The Vietnamese manufacturer is off to conquer the international market. Unfortunately, the result is not at all worthy of the investment, the brand still needs money from the conglomerate to which it belongs.
Vinfast wanted to start strong from its launch in 2019, perhaps too strong. By quickly setting out to conquer international markets, the young Vietnamese manufacturer spent lavishly, boosted by an insane stock market valuation. Except that the somewhat failed launch in the USA, then in Europe, is now weighing on sales. Now that the effort in terms of communication is supposed to be made, with models available for delivery in Europe, the brand has lost international visibility. Sales are therefore trickle-down.
Fortunately, the brand can console itself with success in its local market. Another source of consolation, Vinfast continues to benefit from financing from the conglomerate Vingroup, the largest conglomerate in Vietnam. According to ReutersVinfast will be able to count on an additional 3.15 billion euros from its founder and Vingroup, even if the brand should find other external investors.
Losses 40% higher than last year
Vinfast has already benefited from 13.5 billion from the group and its subsidiaries, which allows the brand to pursue its ambitions, where other brands would have already declined.

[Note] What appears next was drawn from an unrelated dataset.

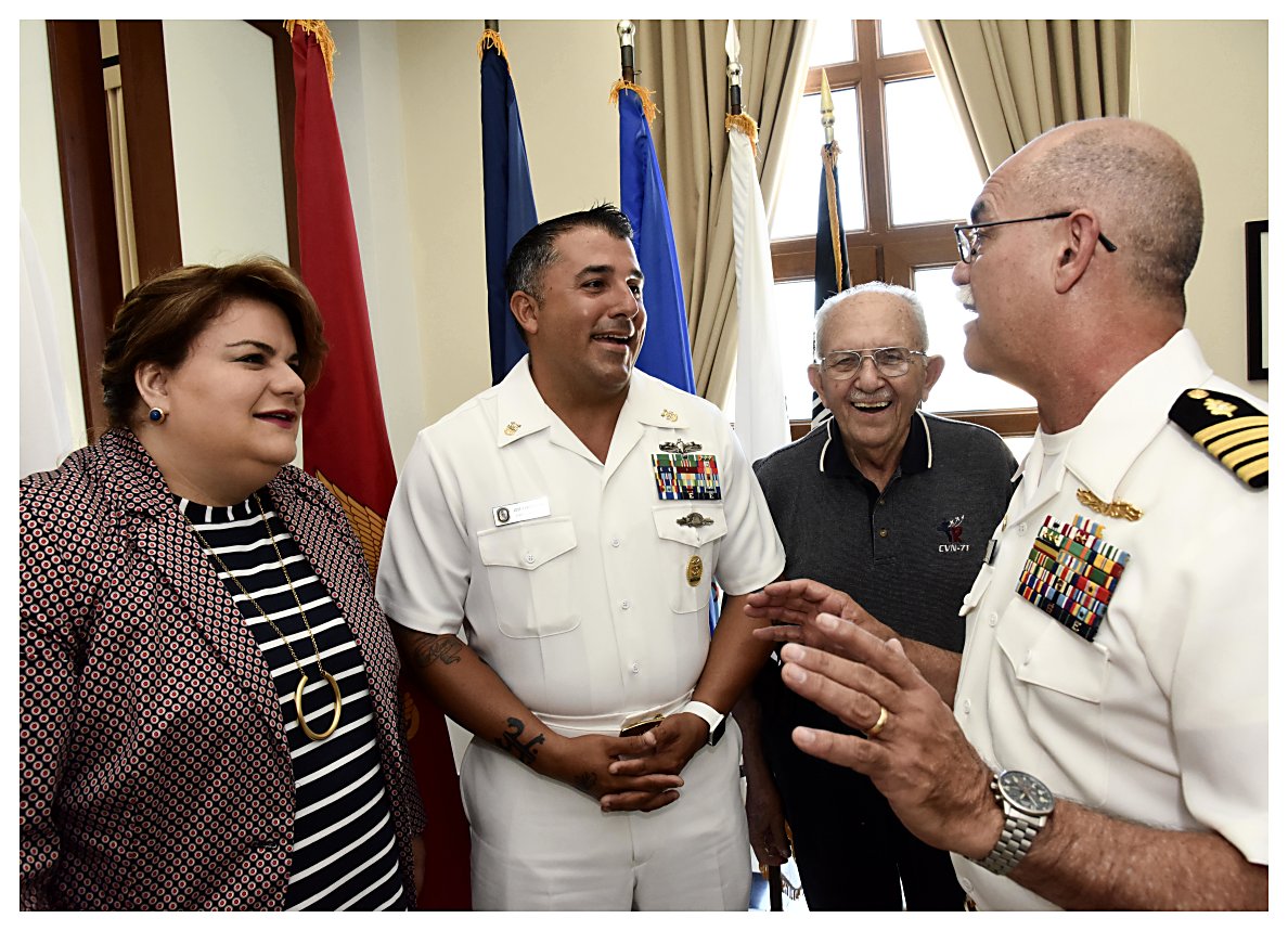 230k | 08 April 2019: San Juan, Puerto Rico - From left to right, U.S. Rep. Jenniffer Gonzalez-Colon, Command Master Chief Jose Ramiro-Guzman, USS Detroit (LCS 7),

Like other electric car startups, the Vietnamese manufacturer suffered a certain amount of speculation on the financial markets when it was listed on the stock market. Vinfast felt its wings growing with a stock market valuation that temporarily exceeded that of groups like Stellantis, Volkswagen or Ford. Unfortunately, this generally does more harm than good to these manufacturers, because reality comes back like a boomerang. Vinfast has not escaped the phenomenon.
The brand still recorded a loss of 773 million euros in the second quarter of 2024, i.e. losses 40% greater than over the same period in 2023. These losses should continue until 2026 where the manufacturer should be profitable, according to THE latest financial communications de Vinfast.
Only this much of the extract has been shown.